Process-Based Statistical Modeling for Ball Mill Machine to Improve Performance of Nylon Ultracapacitor

Abstract

The generation of electrical energy from renewable energy sources is rapidly increasing across the world due to its many advantages. Renewable energy source is also known as clean energy source. The energy storage devices are playing an important role in both renewable generation and distribution of power. The energy storing devices also helps to improve stability of electrical power grid. The electrode, electrolyte and separators are the main components of ultracapacitors. The performance of ultracapacitors mainly depends on the properties of electrode material, the type of separator used, properties of electrolyte used and its concentration level. Nylon as a separator material for ultracapacitors is investigated. Various parameters of nylon-based ultracapacitors are compared with conventional polyethylene-based ultracapacitors.
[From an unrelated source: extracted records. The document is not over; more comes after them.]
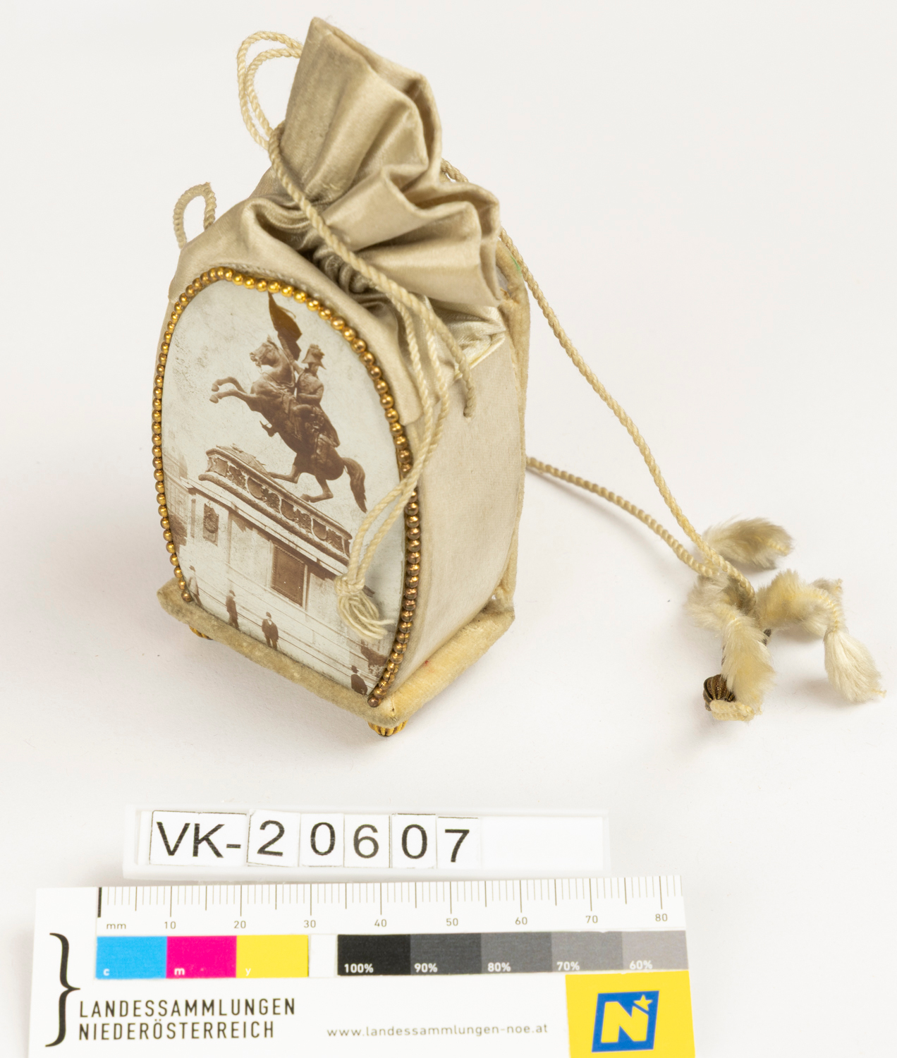 Ballspende mit Tanzordnung: Mit beigem Seidenstoff bezogener verstärkter Beutel, mit vier Messingfüßchen, auf einer Seite mit einer aufgeklebten Fotografie (Reiterstatue), auf der anderen Seite mit Tanzordnung. Die Ballspende hat eine beige Posamentriekordel, die Tanzordnung fehlt bis auf den Einband.
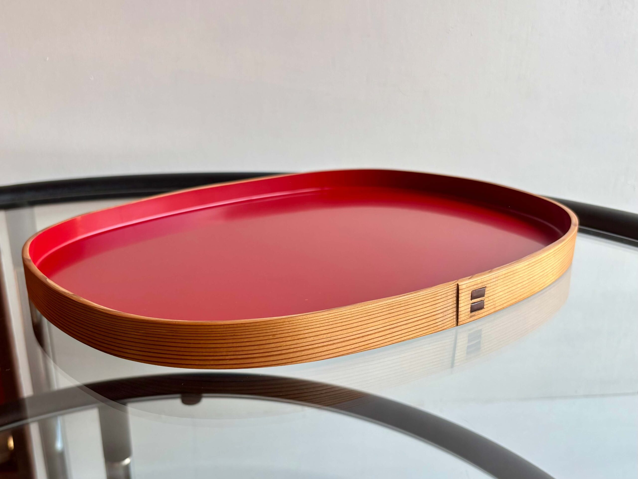 No.11665「曲げわっぱ オーバルトレイ:朱色」 幅33.5cm SOLD
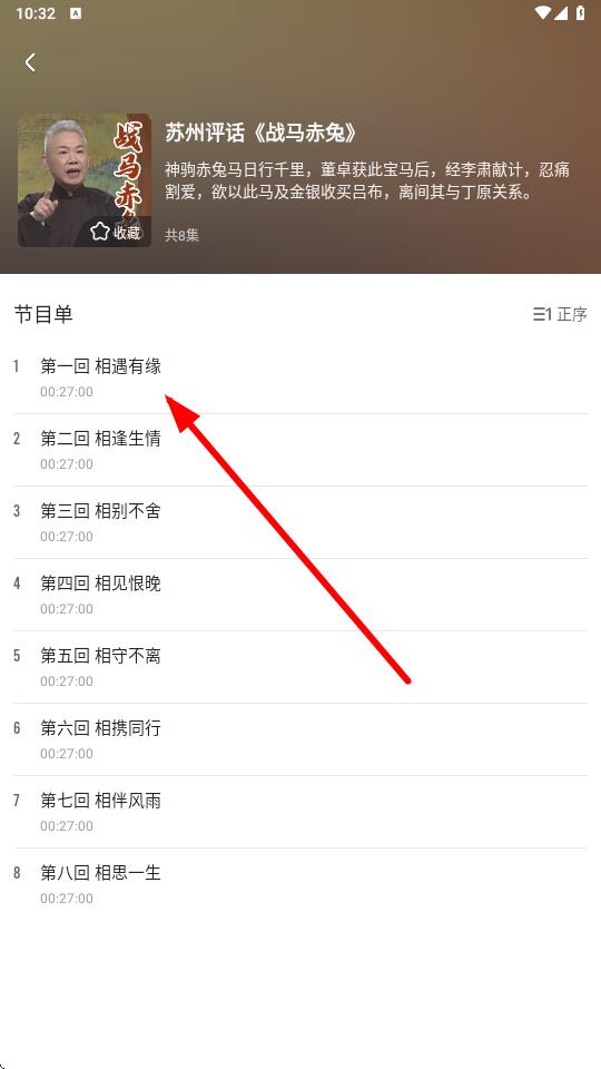 3、点击该节目进入播放页面,下方节目单区域就能看到目录内容,点击对应目录可收听。

Very less research work has been done on the processing of electrode material. Ball milling is the most commonly used material processing method in energy storage devices such as ultracapacitors, battery and fuel cells. The effect of ball milling parameters on the performance of ultracapacitors needs to be investigated. Most significant factors of ball milling parameters of electrode material for ultracapacitor are identified. Modeling of ball milling process on electrode material is done by using the statistical method- design of the experiment. The novel ball mill machine with some unique features is also presented. Pulse current density is taken as new output parameters which is more important than an internal resistance and specific capacitance. Most significant ball mill machine parameters are taken as input parameters and specific capacitance, internal resistance along with pulse current density are taken as output parameters for the modeling of nylon-based ultracapacitors.